The game is a space-based exploration game, a truly open-world universe. The players are the ones that make the game tick; it's as if the developers who made the game created a universe, and then left the players to their own devices. Players mine asteroids, found in asteroid belts around the galaxy, to gain specific minerals needed to craft ships and other devices. Players barter goods through the intergalactic market, many players making an in-game living merely flipping resources, buying low and then selling high at other space stations.
I was told by a friend that after making games for everybody else, game developers had now made a game for accountants.

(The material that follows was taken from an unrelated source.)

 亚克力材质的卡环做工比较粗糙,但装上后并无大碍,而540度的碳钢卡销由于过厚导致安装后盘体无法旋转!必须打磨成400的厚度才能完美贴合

There's also the PVP aspect of it, too. Players band into corporations, which band into huge alliances, controlling massive swathes of the galaxy and juggling non-aggression pacts and agreements that have large impacts on the entire game. It's moments like these--especially when actual war begins--that bring EVE to the brief attention of the public eye, as ships that were the work of countless hours of countless numbers of people are destroyed in massive battles.
Because EVE has, since 2003, been run on one single, continuous server. Everything is permanent. There is no reset, no game saves, no way of recovering what has been destroyed. (There is insurance.)

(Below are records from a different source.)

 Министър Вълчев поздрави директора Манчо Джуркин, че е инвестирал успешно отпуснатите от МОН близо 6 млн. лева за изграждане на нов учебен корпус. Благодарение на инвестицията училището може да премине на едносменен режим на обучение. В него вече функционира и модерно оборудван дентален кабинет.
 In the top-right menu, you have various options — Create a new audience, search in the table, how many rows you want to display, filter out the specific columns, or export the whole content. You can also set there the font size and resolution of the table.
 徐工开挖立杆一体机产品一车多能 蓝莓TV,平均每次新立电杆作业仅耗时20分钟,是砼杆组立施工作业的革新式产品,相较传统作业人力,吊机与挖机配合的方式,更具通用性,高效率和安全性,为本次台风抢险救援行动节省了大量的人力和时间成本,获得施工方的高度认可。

It's in these and other ways -- the tangible interaction of players, the high stakes, the grind and dedication and focus required to rise in the game, the permanence and risk, subtle but always there -- that make the game most like real life. There are histories written, stories told of the wars of years past, and the rise and fall of power.
But because it's still the most like real life, it's also the most boring. Most of the game is a grind, either mining for materials, buying and selling materials for profit, organizing corporations; hours and hours of work go into this game, but it is not for everyone. It's fascinating, in a way; real life, but with better graphics. I downloaded it; tried it out, but I'm not going to become obsessed with it. I can't say I personally would want to; it's really cool, but I don't have time, and even if I did, would I spend it on EVE? If I wanted to spend so much time on something so realistic, I might as well spend it on real life, if only real life had warp drives.